_EXERCISE PROMPT:_
Span requested from the data below: the line with "Bake Crafters Muffins, WG, Chocolate" through the line with "끼고굽이치는 낙동강 물이 유유히 흐르고 있는 경치가 아름답기는 경상도 에서", both included. Give only these lines again, exactly, and leave every picture out.

_AVAILABLE RECORDS:_
=== Section Start ===
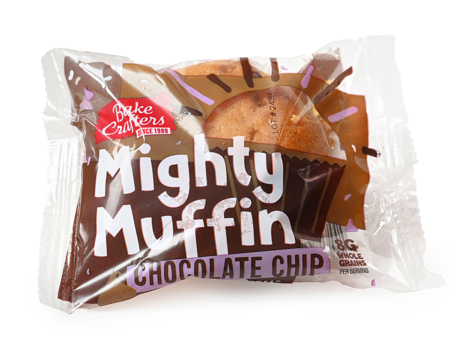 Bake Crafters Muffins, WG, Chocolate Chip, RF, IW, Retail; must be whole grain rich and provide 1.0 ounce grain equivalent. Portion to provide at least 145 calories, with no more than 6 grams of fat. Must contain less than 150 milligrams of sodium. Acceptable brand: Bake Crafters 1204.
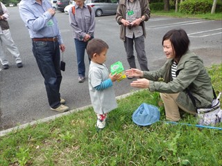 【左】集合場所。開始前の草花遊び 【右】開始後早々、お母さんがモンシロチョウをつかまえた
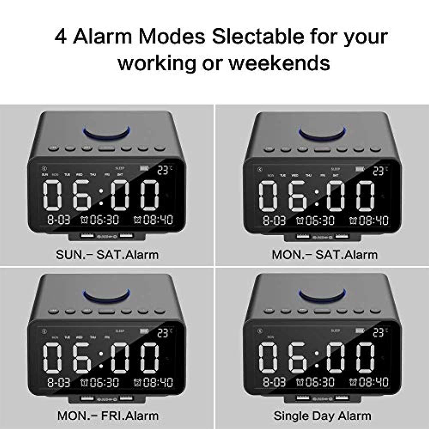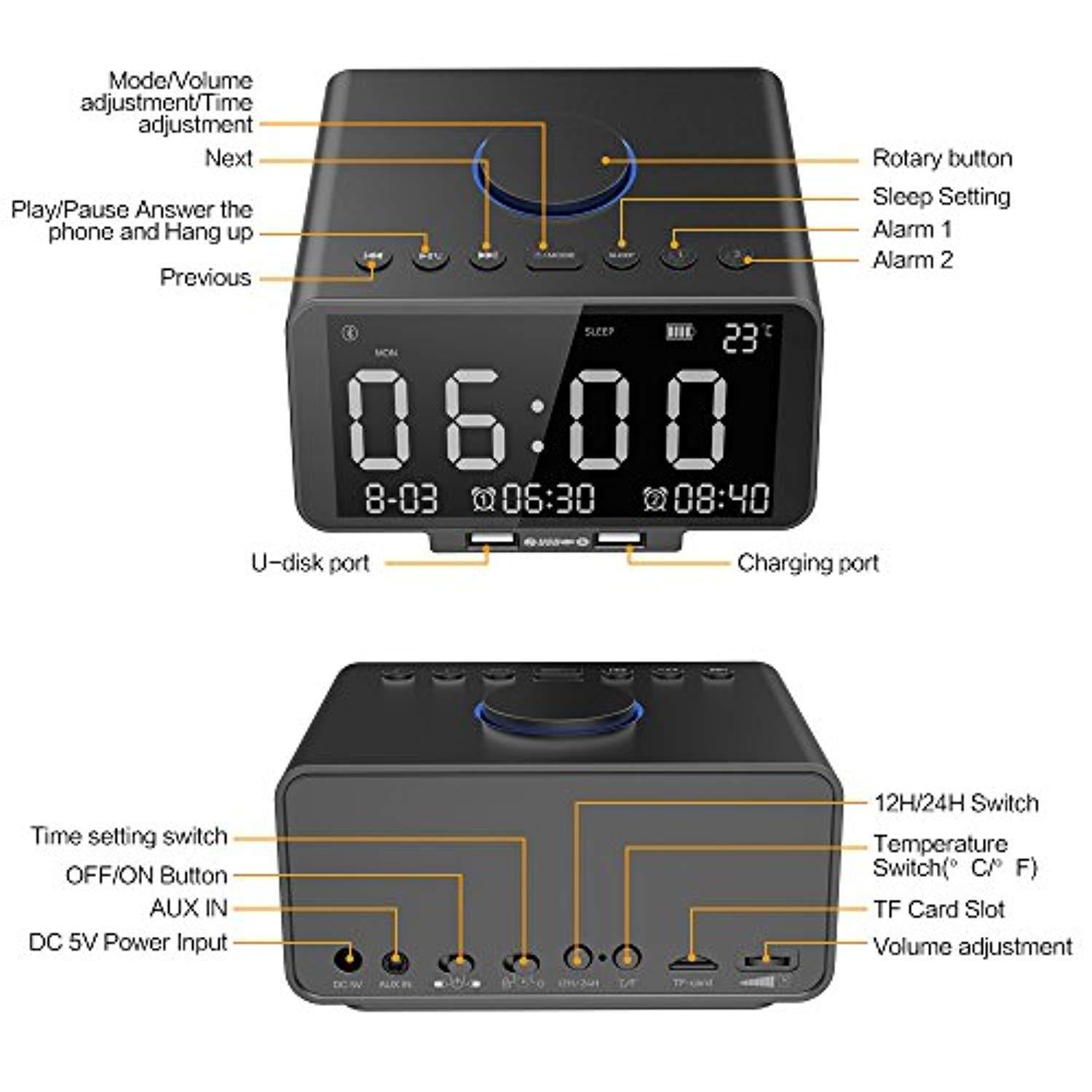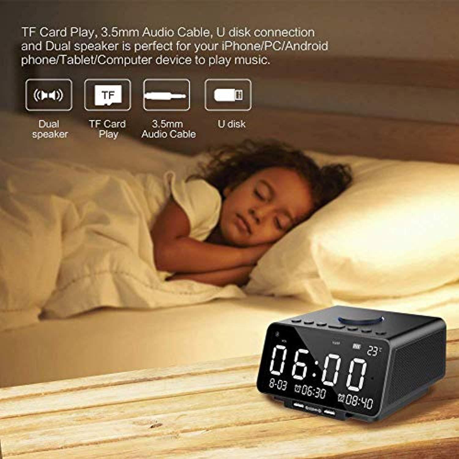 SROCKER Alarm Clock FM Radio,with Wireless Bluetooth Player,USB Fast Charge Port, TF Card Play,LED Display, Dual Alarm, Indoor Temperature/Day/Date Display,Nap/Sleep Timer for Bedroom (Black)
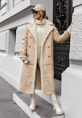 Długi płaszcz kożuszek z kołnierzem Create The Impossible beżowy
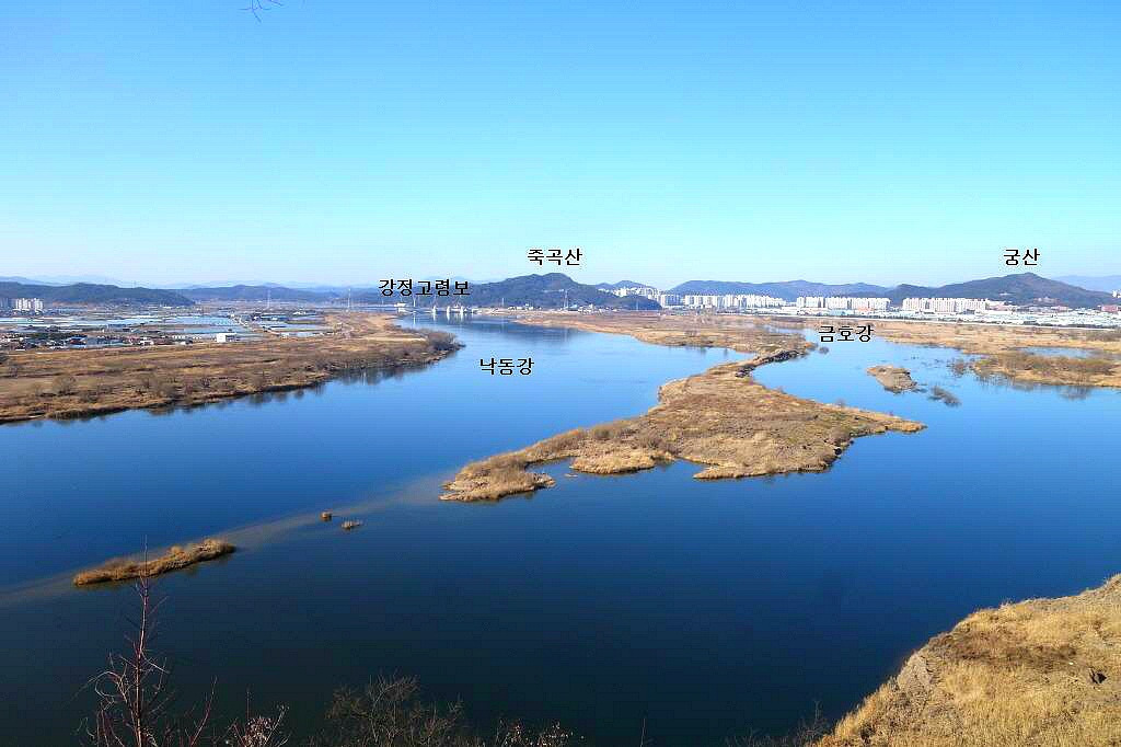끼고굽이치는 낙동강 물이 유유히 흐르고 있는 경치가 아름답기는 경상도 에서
=== Section End ===
=== Section Start ===
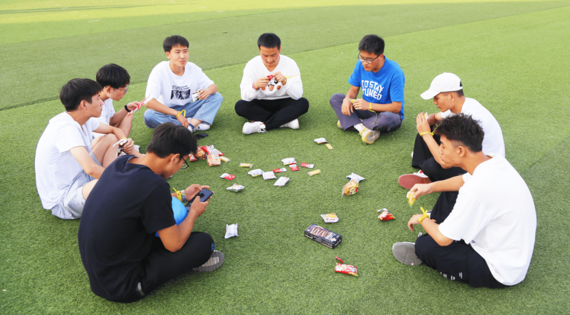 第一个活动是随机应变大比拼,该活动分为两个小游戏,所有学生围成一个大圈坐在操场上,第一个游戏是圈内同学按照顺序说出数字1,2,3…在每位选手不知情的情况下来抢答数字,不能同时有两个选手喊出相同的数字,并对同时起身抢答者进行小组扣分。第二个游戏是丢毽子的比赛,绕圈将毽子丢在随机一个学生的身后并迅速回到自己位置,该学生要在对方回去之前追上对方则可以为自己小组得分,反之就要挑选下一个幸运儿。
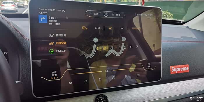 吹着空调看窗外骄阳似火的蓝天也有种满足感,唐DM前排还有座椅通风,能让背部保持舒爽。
=== Section End ===
=== Section Start ===
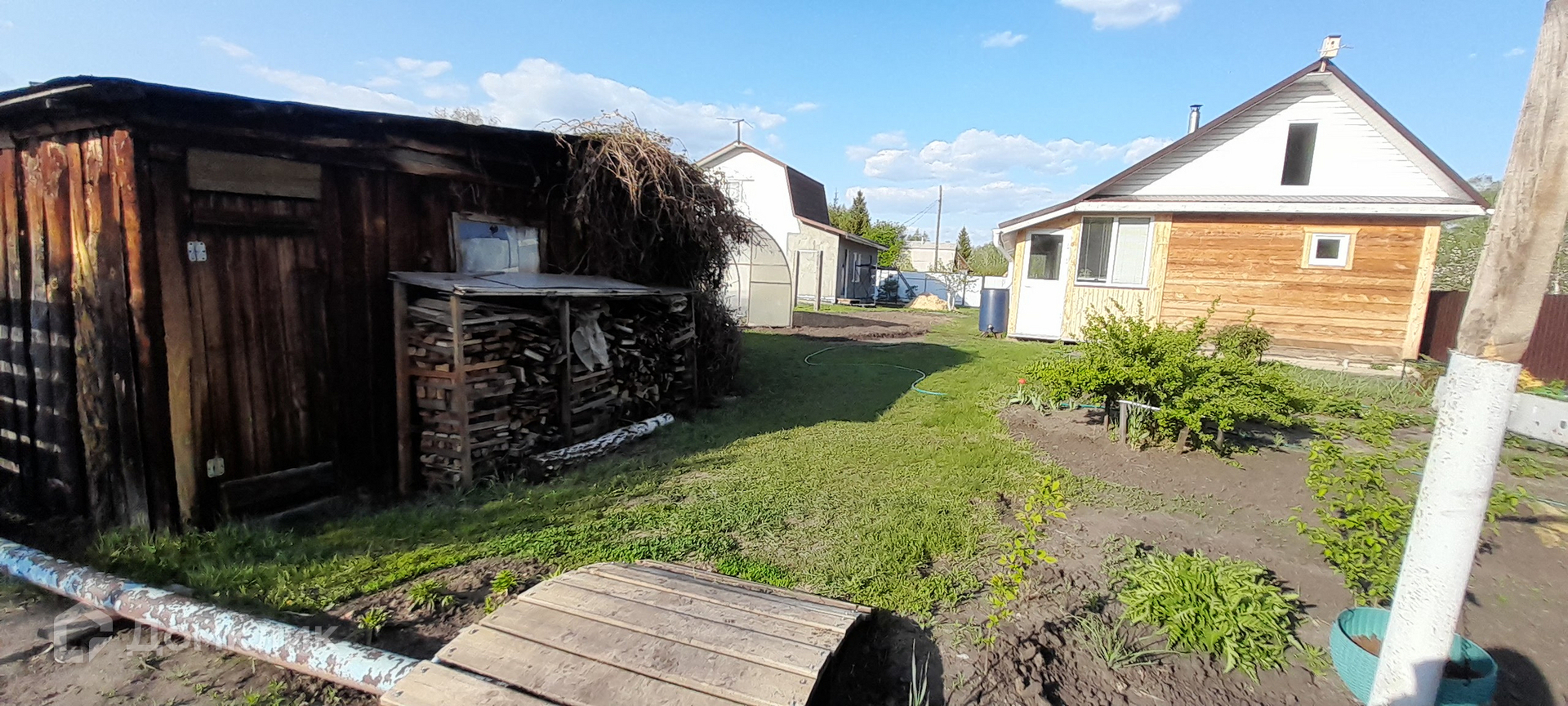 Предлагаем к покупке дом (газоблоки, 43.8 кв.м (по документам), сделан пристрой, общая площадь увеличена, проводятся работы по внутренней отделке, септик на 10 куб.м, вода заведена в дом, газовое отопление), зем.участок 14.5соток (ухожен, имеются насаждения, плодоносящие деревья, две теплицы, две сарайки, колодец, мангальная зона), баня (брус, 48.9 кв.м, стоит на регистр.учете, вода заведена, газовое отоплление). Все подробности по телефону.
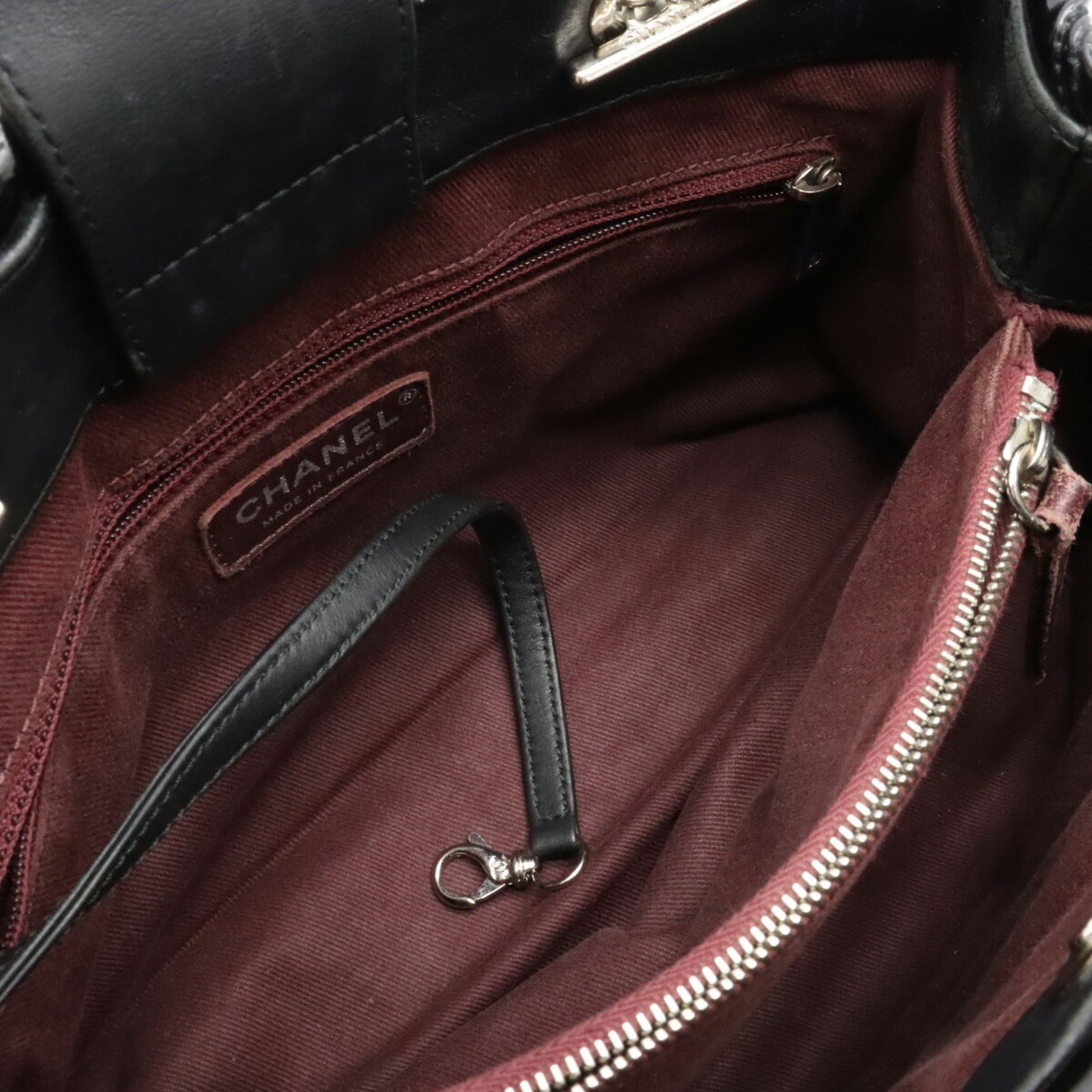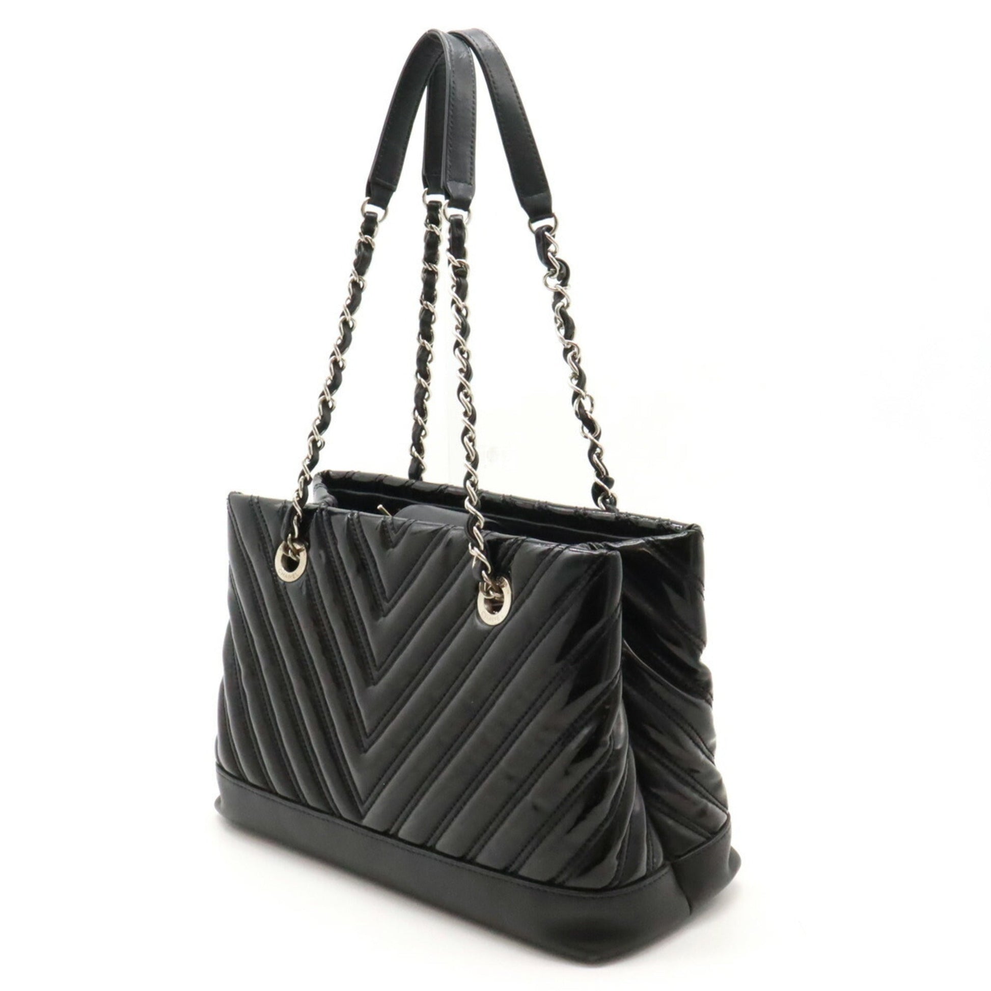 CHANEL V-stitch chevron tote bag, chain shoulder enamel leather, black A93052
=== Section End ===
_SOLUTION FOR THIS TASK:_
 Bake Crafters Muffins, WG, Chocolate Chip, RF, IW, Retail; must be whole grain rich and provide 1.0 ounce grain equivalent. Portion to provide at least 145 calories, with no more than 6 grams of fat. Must contain less than 150 milligrams of sodium. Acceptable brand: Bake Crafters 1204.
 【左】集合場所。開始前の草花遊び 【右】開始後早々、お母さんがモンシロチョウをつかまえた
 SROCKER Alarm Clock FM Radio,with Wireless Bluetooth Player,USB Fast Charge Port, TF Card Play,LED Display, Dual Alarm, Indoor Temperature/Day/Date Display,Nap/Sleep Timer for Bedroom (Black)
 Długi płaszcz kożuszek z kołnierzem Create The Impossible beżowy
끼고굽이치는 낙동강 물이 유유히 흐르고 있는 경치가 아름답기는 경상도 에서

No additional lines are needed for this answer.